__EXERCISE DESCRIPTION__
What you return must be exactly the lines from the beginning of the material through the line containing "七段花というアジサイ。苔玉に植えてあるが、茶色くなってきたので鉢に", both included, and no pictures.
---*---
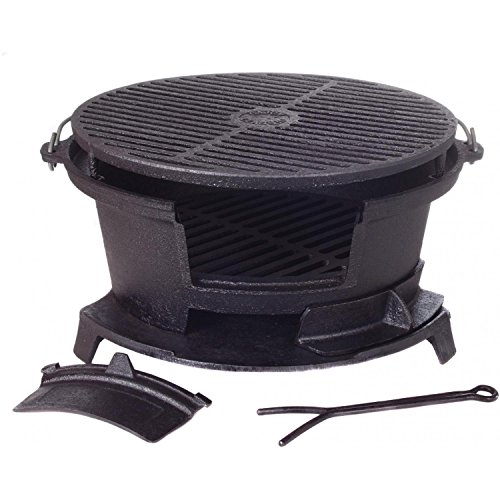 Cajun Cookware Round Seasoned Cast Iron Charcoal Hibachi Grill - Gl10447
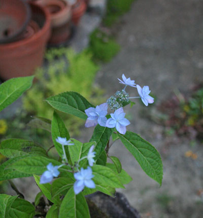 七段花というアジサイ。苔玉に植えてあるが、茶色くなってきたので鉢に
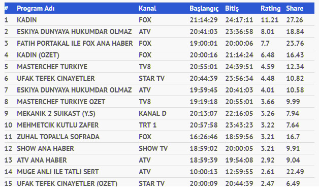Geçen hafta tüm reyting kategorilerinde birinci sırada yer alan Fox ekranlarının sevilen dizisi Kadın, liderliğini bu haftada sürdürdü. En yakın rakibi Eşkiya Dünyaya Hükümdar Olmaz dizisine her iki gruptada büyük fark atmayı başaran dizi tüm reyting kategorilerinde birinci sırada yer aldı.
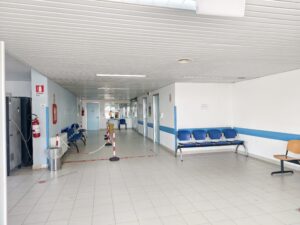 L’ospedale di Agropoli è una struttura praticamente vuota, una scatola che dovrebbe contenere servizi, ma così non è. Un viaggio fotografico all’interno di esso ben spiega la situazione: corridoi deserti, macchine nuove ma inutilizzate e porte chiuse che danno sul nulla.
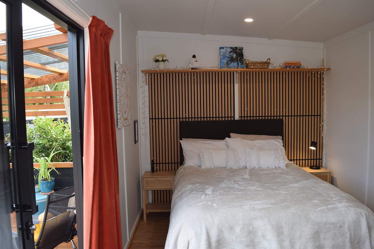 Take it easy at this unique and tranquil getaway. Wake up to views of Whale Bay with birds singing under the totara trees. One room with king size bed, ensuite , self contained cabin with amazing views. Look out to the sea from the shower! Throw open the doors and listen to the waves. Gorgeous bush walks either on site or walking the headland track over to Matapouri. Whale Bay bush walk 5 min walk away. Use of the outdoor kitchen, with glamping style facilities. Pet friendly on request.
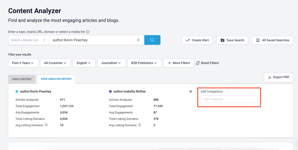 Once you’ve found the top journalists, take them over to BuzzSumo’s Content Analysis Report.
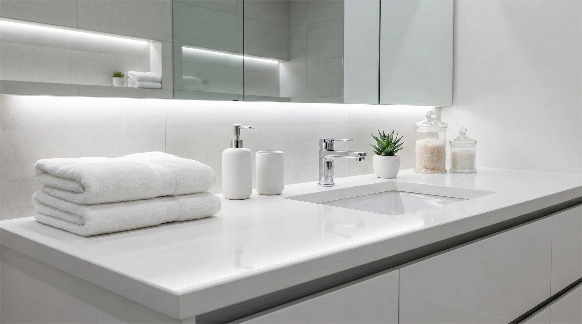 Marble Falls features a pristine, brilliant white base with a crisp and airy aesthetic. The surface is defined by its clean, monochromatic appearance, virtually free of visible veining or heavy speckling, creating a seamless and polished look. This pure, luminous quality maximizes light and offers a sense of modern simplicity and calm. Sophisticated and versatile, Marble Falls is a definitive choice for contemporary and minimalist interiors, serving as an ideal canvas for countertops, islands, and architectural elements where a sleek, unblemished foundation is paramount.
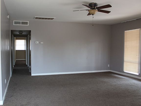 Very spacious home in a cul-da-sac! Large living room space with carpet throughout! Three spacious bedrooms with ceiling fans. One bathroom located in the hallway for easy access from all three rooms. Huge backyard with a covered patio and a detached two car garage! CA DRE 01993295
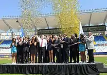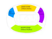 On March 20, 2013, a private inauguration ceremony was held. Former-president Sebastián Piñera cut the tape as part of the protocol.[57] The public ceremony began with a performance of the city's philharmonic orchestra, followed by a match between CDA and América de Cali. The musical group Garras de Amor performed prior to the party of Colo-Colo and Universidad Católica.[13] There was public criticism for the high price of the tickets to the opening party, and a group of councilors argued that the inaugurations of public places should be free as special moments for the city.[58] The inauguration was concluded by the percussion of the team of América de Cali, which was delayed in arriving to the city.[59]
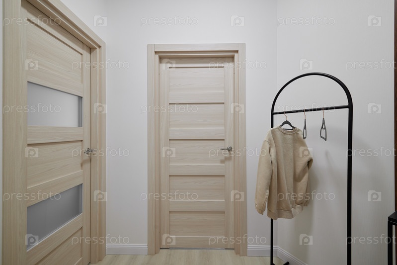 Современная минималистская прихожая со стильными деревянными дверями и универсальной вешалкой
---*---
__YOUR RESPONSE__
 Cajun Cookware Round Seasoned Cast Iron Charcoal Hibachi Grill - Gl10447
 七段花というアジサイ。苔玉に植えてあるが、茶色くなってきたので鉢に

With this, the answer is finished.